Customizing `to_parquet()`: split one partition into many parquet files based on certain criteria

Hi,

Assume that I have a dask dataframe a, and I want to save the content of a into parquet files. However, instead of saving one parquet per partition, I want to split the rows in one partition into multiple parquets based on certain criteria. For example, let’s say a has a column labeled seq_len; for the rows whose seq_len is less than 128, I want to save them into 001.parquet_0; for the rows whose seq_len is within [128, 256), I want to save them into 001.parquet_1; for the rows whose seq_len is 256 and above, I want to save them into 001.parquet_2. (And the same goes for the other partitions as well: [‘010.parquet_0’, ‘010.parquet_1’, ‘010.parquet_2’], [‘100.parquet_0’, ‘100.parquet_1’, ‘100.parquet_2’], etc.)

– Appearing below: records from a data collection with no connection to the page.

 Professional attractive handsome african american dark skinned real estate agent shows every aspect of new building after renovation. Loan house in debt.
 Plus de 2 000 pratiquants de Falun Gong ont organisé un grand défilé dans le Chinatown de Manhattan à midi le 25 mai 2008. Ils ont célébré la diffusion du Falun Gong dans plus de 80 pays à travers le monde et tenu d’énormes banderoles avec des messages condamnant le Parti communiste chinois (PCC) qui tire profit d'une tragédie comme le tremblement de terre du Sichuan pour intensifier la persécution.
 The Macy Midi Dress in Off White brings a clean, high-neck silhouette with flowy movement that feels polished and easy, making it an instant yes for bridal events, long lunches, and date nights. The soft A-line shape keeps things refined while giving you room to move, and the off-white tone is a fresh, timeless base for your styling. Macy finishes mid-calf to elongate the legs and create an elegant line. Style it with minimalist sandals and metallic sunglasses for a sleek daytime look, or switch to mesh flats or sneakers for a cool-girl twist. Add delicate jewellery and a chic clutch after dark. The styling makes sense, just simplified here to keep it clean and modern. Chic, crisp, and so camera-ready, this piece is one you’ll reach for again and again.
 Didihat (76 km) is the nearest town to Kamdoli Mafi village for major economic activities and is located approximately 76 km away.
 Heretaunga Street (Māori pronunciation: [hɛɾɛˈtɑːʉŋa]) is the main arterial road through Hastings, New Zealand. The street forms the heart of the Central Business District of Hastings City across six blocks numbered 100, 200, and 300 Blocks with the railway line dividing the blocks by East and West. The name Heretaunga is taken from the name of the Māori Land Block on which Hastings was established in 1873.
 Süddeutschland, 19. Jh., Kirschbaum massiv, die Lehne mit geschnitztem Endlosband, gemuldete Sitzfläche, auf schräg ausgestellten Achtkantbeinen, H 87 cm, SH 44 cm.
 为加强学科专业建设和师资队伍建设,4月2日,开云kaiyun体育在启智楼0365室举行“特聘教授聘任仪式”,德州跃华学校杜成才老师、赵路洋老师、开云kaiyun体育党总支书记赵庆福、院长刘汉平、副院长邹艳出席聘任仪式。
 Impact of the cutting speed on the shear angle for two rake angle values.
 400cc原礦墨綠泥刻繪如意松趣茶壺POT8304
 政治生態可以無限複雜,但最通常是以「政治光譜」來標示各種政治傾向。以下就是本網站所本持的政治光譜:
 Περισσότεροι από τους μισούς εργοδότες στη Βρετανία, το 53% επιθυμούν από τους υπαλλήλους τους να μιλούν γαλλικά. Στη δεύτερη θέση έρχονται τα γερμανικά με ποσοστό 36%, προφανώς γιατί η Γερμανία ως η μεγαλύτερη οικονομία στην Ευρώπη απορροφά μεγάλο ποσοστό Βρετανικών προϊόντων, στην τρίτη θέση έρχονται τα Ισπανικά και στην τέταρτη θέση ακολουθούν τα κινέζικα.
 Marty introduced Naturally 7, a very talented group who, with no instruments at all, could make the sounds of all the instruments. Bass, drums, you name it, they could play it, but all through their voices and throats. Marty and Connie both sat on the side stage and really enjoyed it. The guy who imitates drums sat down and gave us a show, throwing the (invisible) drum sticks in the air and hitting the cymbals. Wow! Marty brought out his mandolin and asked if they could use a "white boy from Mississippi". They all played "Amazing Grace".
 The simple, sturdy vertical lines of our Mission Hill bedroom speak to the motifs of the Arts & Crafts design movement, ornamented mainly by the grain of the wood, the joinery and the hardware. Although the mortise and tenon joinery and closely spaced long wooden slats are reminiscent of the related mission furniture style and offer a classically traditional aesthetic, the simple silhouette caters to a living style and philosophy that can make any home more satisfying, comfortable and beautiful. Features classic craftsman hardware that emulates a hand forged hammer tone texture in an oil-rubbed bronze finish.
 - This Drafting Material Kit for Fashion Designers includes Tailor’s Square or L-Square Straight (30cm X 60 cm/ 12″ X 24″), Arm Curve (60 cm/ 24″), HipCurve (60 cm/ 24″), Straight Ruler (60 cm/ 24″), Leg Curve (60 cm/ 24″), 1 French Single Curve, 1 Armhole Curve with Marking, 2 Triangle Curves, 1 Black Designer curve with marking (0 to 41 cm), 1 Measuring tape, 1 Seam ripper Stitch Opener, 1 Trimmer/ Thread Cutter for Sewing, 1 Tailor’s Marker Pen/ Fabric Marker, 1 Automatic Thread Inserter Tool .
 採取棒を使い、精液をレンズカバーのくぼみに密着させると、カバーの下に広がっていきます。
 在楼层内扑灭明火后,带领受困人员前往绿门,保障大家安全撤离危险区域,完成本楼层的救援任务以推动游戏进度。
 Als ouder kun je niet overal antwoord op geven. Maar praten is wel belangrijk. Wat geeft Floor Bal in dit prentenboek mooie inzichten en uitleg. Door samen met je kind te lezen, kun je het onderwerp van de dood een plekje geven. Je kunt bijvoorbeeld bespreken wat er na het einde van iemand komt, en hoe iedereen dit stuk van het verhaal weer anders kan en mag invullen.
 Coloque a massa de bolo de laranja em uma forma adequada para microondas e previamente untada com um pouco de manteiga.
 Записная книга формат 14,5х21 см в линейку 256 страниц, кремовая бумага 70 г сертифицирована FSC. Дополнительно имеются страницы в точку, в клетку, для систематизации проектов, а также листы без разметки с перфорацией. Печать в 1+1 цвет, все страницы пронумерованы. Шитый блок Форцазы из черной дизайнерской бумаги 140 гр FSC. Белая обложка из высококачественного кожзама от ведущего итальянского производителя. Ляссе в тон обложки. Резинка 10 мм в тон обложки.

Currently we are doing this by overriding the to_parquet function: https://github.com/NVIDIA/DeepLearningExamples/blob/master/Tools/lddl/lddl/dask/bert/binning.py#L111, however, I’m wondering if there could be a cleaner way to do this in Dask?

Thanks!

to_parquet() has the partition_on keyword argument, which can take a list of column names to create directory-based partitions. You can also control the name of the partition files with the name_function keyword argument. Do either of those help?

2 Likes

Thanks a lot for your help! They seems very likely the things that we are looking for. Let me try them first and get back to you.

Hi @bryanweber ,

partition_on does seem to do the trick. However, I’m not exactly sure how to use name_function to control the naming of the partition. Say, for example, bin_id is a column whose values can only be one of {0, 1, 2, 3}.

data.to_parquet(
  path,
  engine='pyarrow',
  write_index=False,
  schema=schema,
  partition_on=['bin_id']
)

would generate the following files:

bin_id=0/
  - bin_id=0/part.1.parquet
  - bin_id=0/part.2.parquet
  ...
bin_id=1/
  ...
bin_id=2/
  ...
bin_id=3/
  ...

I’m wondering if there exists a way to make the result structure to be something like the following?

part-1.bin_id-0.parquet
part-1.bin_id-1.parquet
...
part-2.bin_id-0.parquet
part-2.bin_id-1.parquet
...

Thanks again!

Hi! The name_function is a callable that takes an integer and returns the string that should be the filename. I don’t think you can access data inside that function though, so you wouldn’t be able to do what you’re suggesting here I don’t think, since the bin_id would not be known.

If you really want that structure, I think you’d have to re-partition your data into the structure you want, then write that out.

But that brings up the question - why do you need to encode the bin number in the filename specifically?

I don’t necessarily have to encode the bin_id in the filename. I guess I’m just trying to understand how much flexibility I would have in terms of customizing the file structures of the output parquets.

One practical motivation is that, currently I have existing datasets already generated in that “bin_id-encoded-in-file-name” type of structure, and many people are already using these datasets. If I update the code, I’ll notify those people about the new file structure. But I guess it’s a hustle that I would be able to manage.

Again, thanks a lot for your help! @bryanweber

1 Like